Regular expressions in WinEdt: finding formulas with unused numbers

After a more detailed acquaintance with the manual of the WinEdt editor (intended almost exclusively for creating LaTeX documents), it opened up additional possibilities for the search / replace tool for this program. To activate the smart search, you need to check the Regular Expressions checkbox in the Find or Find and Replace menu, as a result of which the search string will turn, in fact, into a command line with which you can work wonders. That is, it will be possible to do almost anything with the text, another question is that it is sometimes too perverse (therefore, in case of serious tasks, the creation of the corresponding macros looks more appropriate).

Joke about the gynecologist
A gynecologist comes to get a job in a car service. He is asked to disassemble, assemble the engine. He performs and is interested in evaluating his work. They answer him: "in principle, nothing, only now we see for the first time that all this is done through the exhaust pipe."

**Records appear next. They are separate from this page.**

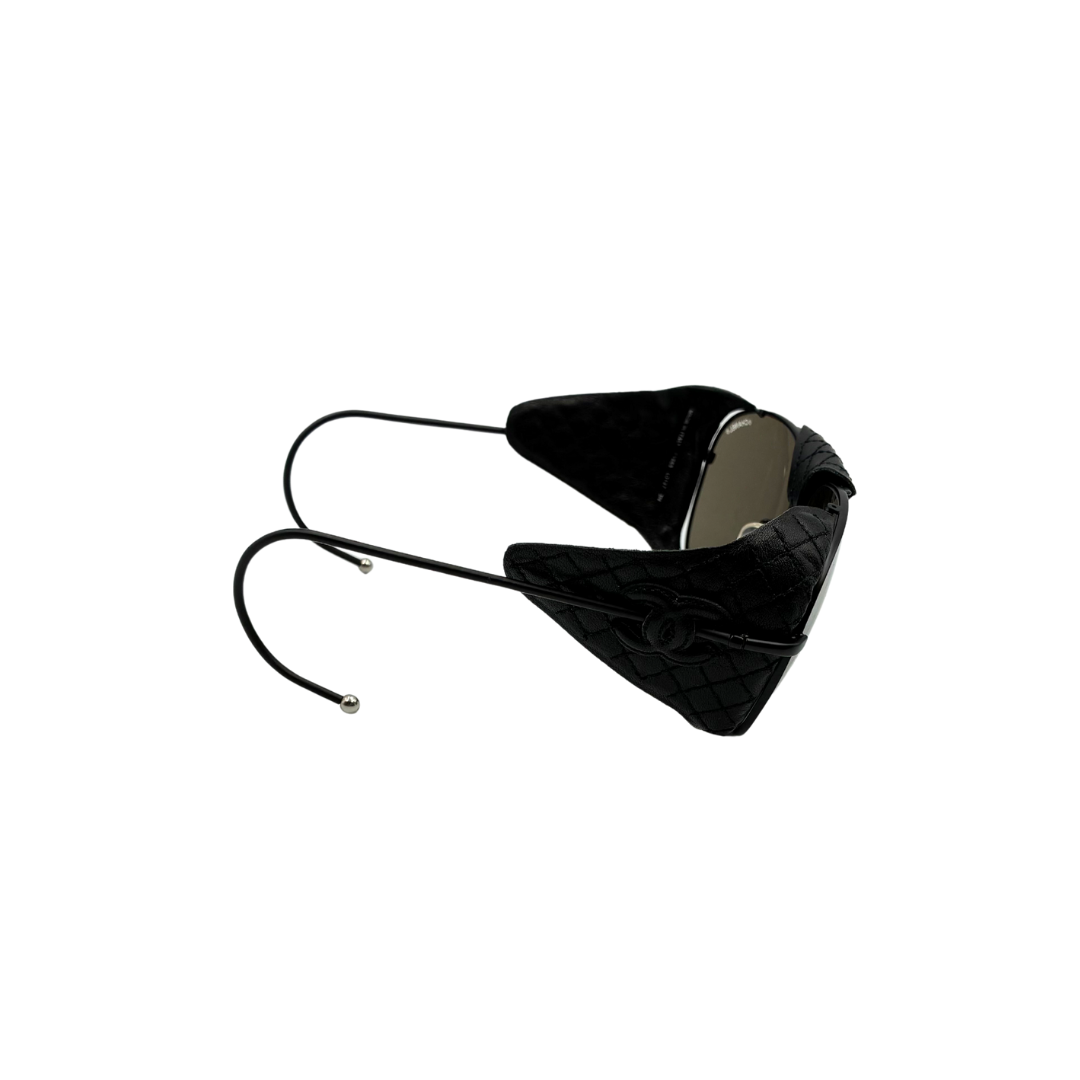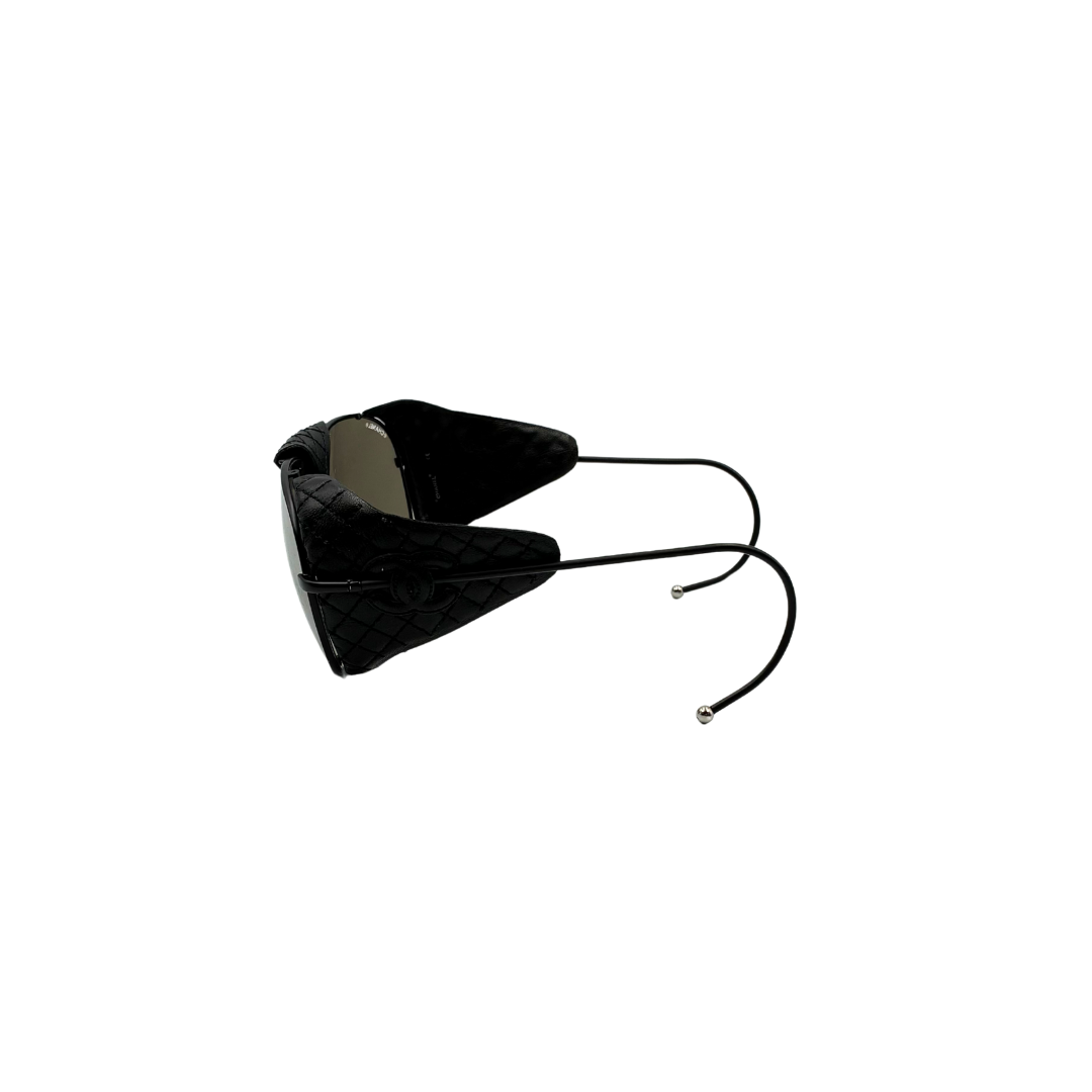 Lentes Chanel de aviador con toques de piel en los laterales y en medio color negro, herrajes plateados.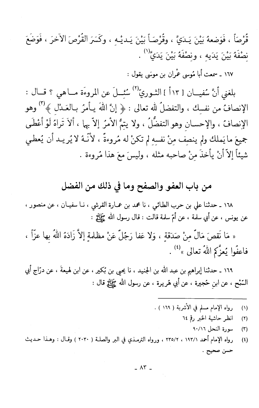 بَلَغَنِي أَنَّ سُفْيَانَ الثَّوْرِيَّ سُئِلَ عَنِ الْمُرُوءَةِ مَا هِيَ قَالَ الْإِنْصَافُ مِنْ نَفْسِكَ وَالتَّفَضُّلُ لِلَّهِ تَعَالَى {إِنَّ اللَّهَ يَأْمُرُ بِالْعَدْلِ} وَهُوَ الْإِنْصَاف وَالْإِحْسَان وَهُوَ التَّفَضُّلُ وَلَا يَتِمُّ الْأَمْرُ إِلَّا بِهِمَا أَلَا تَرَاهُ لَوْ أَعْطَى جَمِيعَ مَا يَمْلِكُ وَلَمْ يُنْصِفْ مِنْ نَفْسِهِ لَمْ تَكُنْ لَهُ مُرُوءَةٌ لِأَنَّهُ لَا يُرِيدُ أَنْ يُعْطِيَ شَيْئًا إِلَّا أَنْ يَأْخُذَ مِنْ صَاحِبِهِ مِثْلَهُ وَلَيْسَ مَعَ هَذَا مُرُوءَة
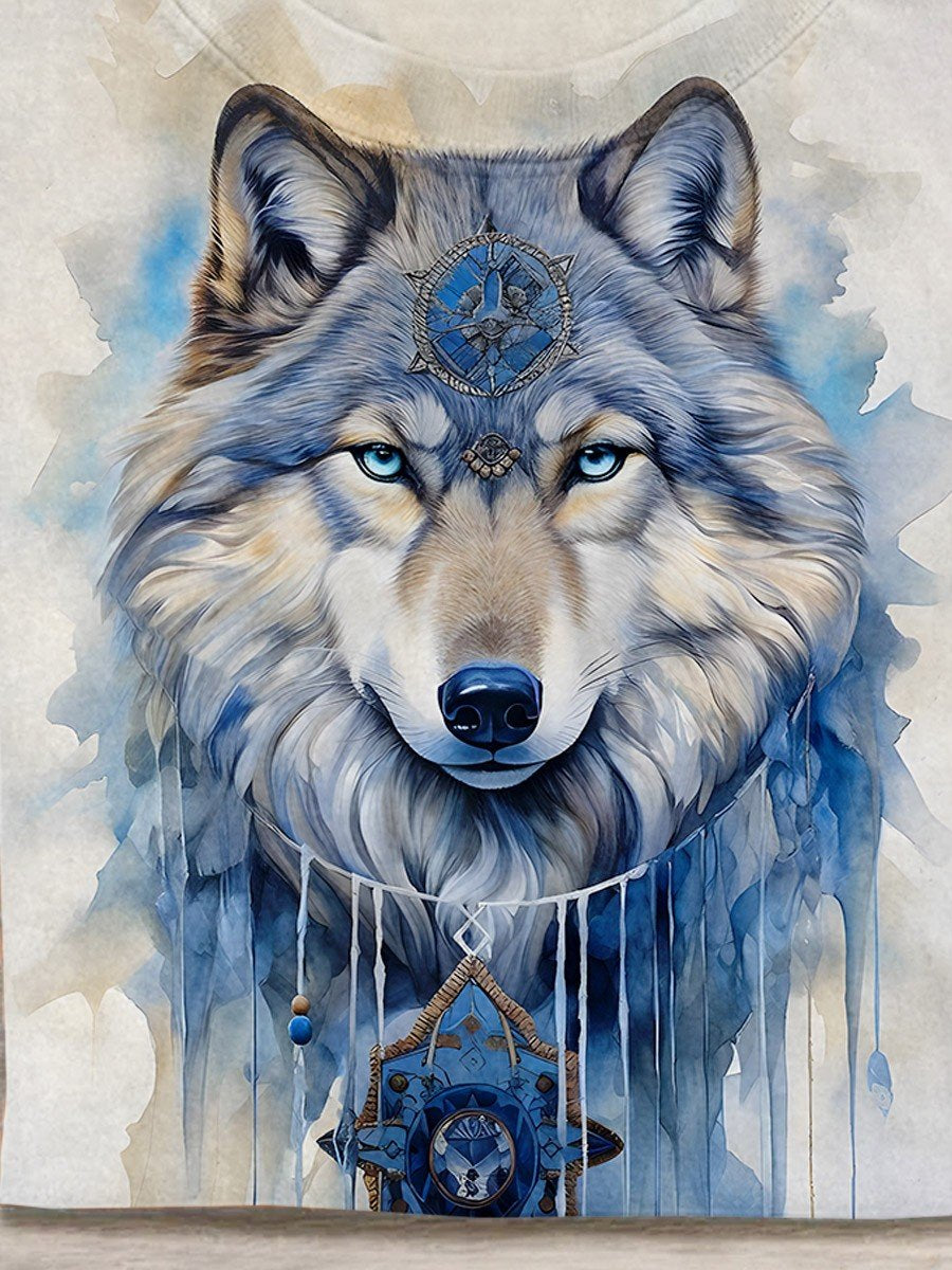 Cool Watercolor Wolf Art Print Casual T-Shirt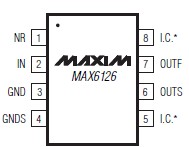 The MAX6126 is an ultra-low-noise, high-precision, lowdropout voltage reference. This family of voltage references feature curvature-correction circuitry and high-stability, laser-trimmed, thin-film resistors that result in 3ppm/°C (max) temperature coefficients and an excellent ±0.02% (max) initial accuracy. The proprietary low-noise reference architecture produces a low flicker noise of 1.3μVP-P and wideband noise as low as 60nV/√Hz (2.048V output) without the increased supply current usually found in low-noise references.
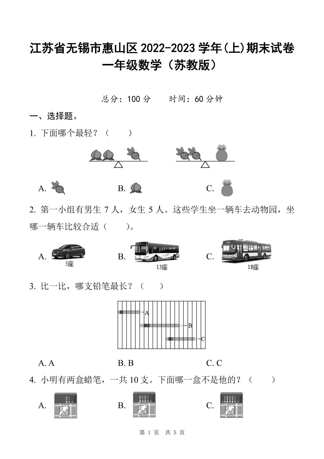江苏省无锡市惠山区2022-2023学年(上)期末试卷一年级数学(苏教版)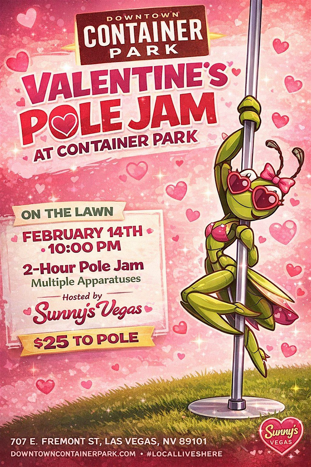 Celebrate love, friendship, and femininity under the lights of Downtown Las Vegas! Join Sunny’s Vegas on the Container Park lawn for a special Valentine’s Night Pole Jam—a playful, empowering outdoor flow session with multiple poles and apparatuses set up for all levels.

I will give an example. You need to find all the unused labels \ labels, that is, those to which there is not a single ref link in the text of the work (all labels that are never referred to, as stated in the English-language manual). An extra mark, harmless in itself, can signal, in particular, about excessive "numbered" formulas of the latekh document (that is, about the presence of formulas with unused numbers in it). If the text is large enough and has many numbered relationships, the appearance of such labels is almost inevitable (you once referred to this equation, then changed the text by deleting the link, and most likely forgot to remove the number from the equation). At the same time, manual detection of “extra” marks turns (again, due to the large volume of material) into too cumbersome and, most importantly, dumb mechanical work,

So, we will solve the problem with the help of a “smart” search for the WinEdt editor (version 5.3 obviously should be enough). First of all, I note that WinEdt reserves memory cells (registers) with the names%! 0, ...,%! 9 for user needs. Moreover, it must be borne in mind that this memory is essentially operational in the sense that it is reset at every restart of WinEdt. We use this memory to save the contents of all \ ref links as one long line: press ctrl + F, do not forget about the checkmark in the Regular Expressions checkbox of the menu that opens, in the search bar of which we enter the following text:

\\ref\(\{*\}\)\X{\"|GetTag(0,0);LetReg(1,"%!1%!0");|}



Some explanations (partially revealing the meaning of the last line). When Regular Expressions mode is on, some characters (for example, \, {and}) take on an official meaning; if we need them in their immediate meaning (that is, as corresponding characters), they should be used together with a forward slash (for example, \\, \ {and \}). But there are exceptions: for example, parentheses themselves are not official characters (thereby meaning literally parentheses), but in the combinations \ (and \), on the contrary, they have a special meaning. The text enclosed between \ (and \) turns into a so-called tag (expression-tag or marked text) and can be used in the future: access to this text (for example, in the same search line to detect a duplicate fragment or in the line “replace with”) is performed using the \ 0 command (zero is the default number of the tagged fragment). If there is a need to highlight several parts, you should use structures of the form:

\(0 какой-то текст \), …, \(9 какой-то текст \)

and the commands \ 0, ..., \ 9 to refer to the corresponding parts.

And what is the asterisk * between \ {and \} at the beginning of the entered text? This asterisk is called a pattern and means an arbitrary sequence of characters (including empty) within one line (I note that, starting with WinEdt 5.3, the combination ** encodes arbitrary text, including line breaks).

Thus, the character set:

\\ref\(\{*\}\)

that is, the first part of the expression in question, searches for any combinations of the form: \ ref {arbitrary text}. When such a combination is detected, macros are started, as evidenced by the second part of the expression, starting with \ X (in the absence of a macro start command, WinEdt simply goes to the found combination, highlighting it in the text of the document). Moreover, the macro launch command can start with \ x (the register matters!), As well as with \ Xx and \ xX. The fact is that depending on the results of macros execution, WinEdt can either go to the found fragment (in our case it is \ ref {arbitrary text}) and ignore it (as if it was different from the one specified in the search line) by going to search for the next match. And which of these two alternatives he prefers, it is determined by the register of the “x-command” and the value of the boolean variable IFOK used by WinEdt (equal to true by default), which some macros can modify. In the case of the \ X command, the WinEdt response is consistent with the IFOK value: if the IFOK value is true, WinEdt goes to the found fragment; if it is false, WinEdt ignores this fragment. In the case of the \ x command, WinEdt's reaction to the IFOK value is directly opposite, and when using \ Xx or \ xX, WinEdt displays the detected text regardless of the IFOK value.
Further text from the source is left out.